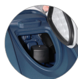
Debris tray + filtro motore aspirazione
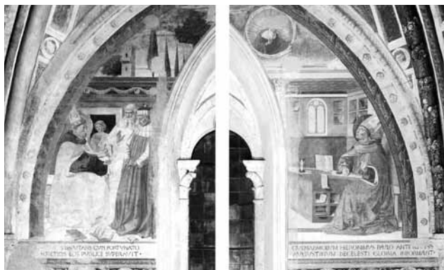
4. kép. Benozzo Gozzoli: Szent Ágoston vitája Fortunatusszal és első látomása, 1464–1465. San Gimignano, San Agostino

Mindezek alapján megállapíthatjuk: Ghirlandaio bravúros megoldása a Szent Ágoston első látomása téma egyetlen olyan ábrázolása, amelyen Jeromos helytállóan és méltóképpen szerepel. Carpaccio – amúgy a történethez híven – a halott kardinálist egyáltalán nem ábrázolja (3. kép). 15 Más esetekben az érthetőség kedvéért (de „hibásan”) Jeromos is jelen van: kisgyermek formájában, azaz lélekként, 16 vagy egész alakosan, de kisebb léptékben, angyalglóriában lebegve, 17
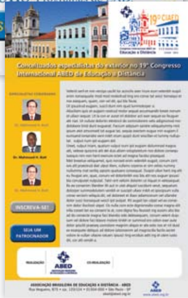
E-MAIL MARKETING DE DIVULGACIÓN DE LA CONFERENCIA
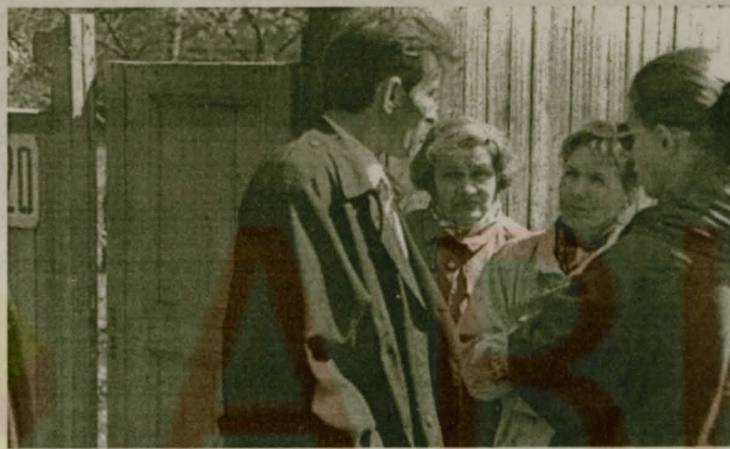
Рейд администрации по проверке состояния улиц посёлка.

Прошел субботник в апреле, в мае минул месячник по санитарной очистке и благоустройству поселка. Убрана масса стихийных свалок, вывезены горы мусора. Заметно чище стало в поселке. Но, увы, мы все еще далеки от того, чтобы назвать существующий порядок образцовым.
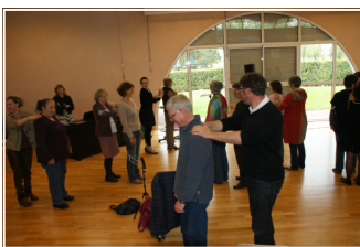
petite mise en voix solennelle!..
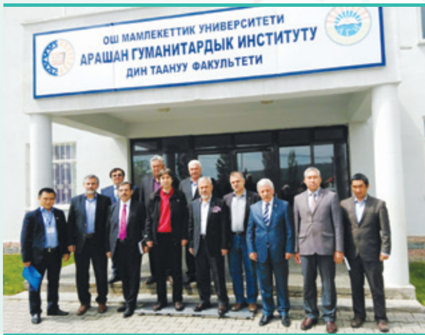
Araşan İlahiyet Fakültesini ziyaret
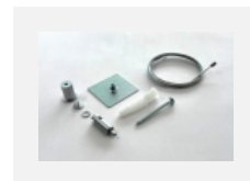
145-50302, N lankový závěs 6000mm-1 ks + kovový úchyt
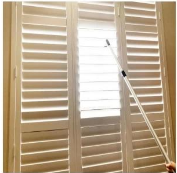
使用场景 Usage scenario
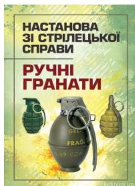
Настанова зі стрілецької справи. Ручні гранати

---

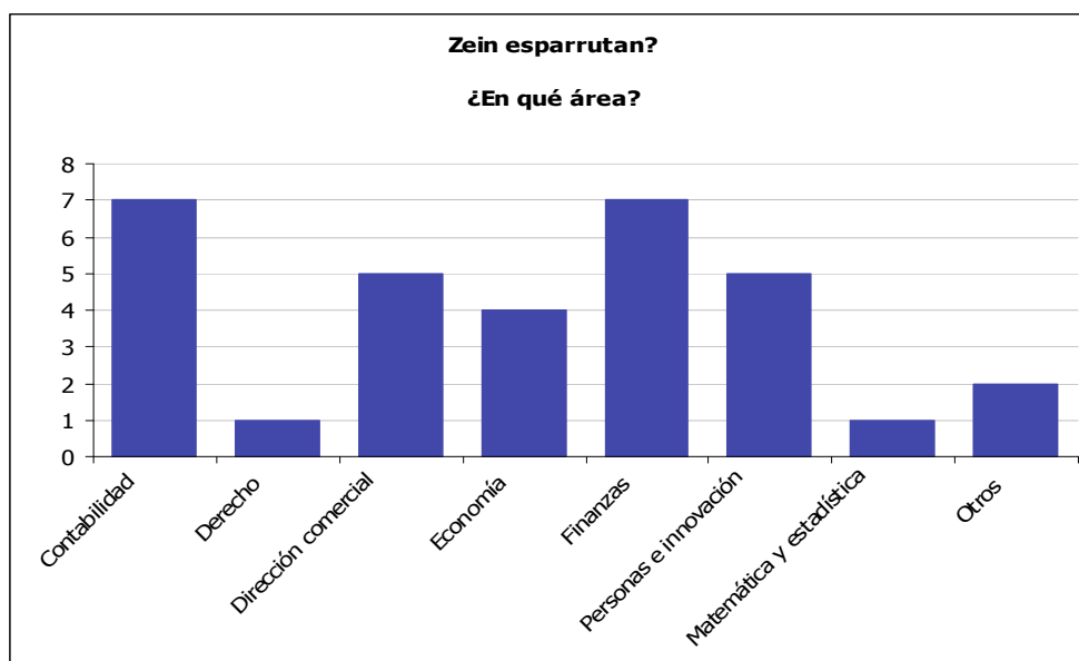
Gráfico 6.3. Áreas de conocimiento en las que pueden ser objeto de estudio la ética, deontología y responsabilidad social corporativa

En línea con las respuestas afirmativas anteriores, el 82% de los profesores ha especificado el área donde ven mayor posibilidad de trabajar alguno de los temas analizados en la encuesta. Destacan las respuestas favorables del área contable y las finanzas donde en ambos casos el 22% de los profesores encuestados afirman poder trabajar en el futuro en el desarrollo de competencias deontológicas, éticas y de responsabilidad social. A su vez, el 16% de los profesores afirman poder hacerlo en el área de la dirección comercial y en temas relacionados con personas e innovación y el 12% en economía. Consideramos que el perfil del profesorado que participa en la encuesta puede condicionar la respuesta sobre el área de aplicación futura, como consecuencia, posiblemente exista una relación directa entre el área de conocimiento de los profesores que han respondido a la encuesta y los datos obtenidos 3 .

...

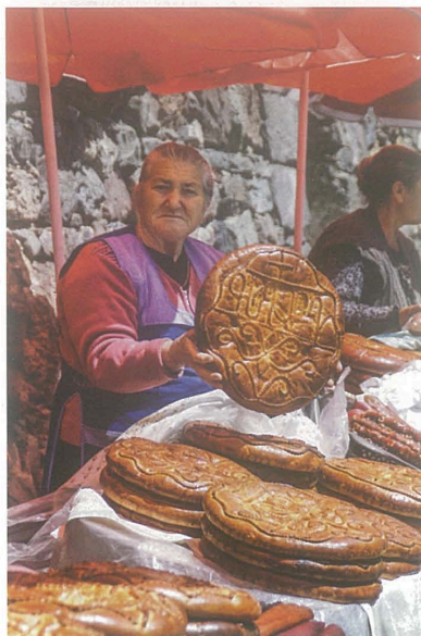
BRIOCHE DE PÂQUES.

**TASK DIRECTIONS:** Copy all lines of the listing above that contain the string "responsabilidad".

**EXPECTED ANSWER:**
Gráfico 6.3. Áreas de conocimiento en las que pueden ser objeto de estudio la ética, deontología y responsabilidad social corporativa
En línea con las respuestas afirmativas anteriores, el 82% de los profesores ha especificado el área donde ven mayor posibilidad de trabajar alguno de los temas analizados en la encuesta. Destacan las respuestas favorables del área contable y las finanzas donde en ambos casos el 22% de los profesores encuestados afirman poder trabajar en el futuro en el desarrollo de competencias deontológicas, éticas y de responsabilidad social. A su vez, el 16% de los profesores afirman poder hacerlo en el área de la dirección comercial y en temas relacionados con personas e innovación y el 12% en economía. Consideramos que el perfil del profesorado que participa en la encuesta puede condicionar la respuesta sobre el área de aplicación futura, como consecuencia, posiblemente exista una relación directa entre el área de conocimiento de los profesores que han respondido a la encuesta y los datos obtenidos 3 .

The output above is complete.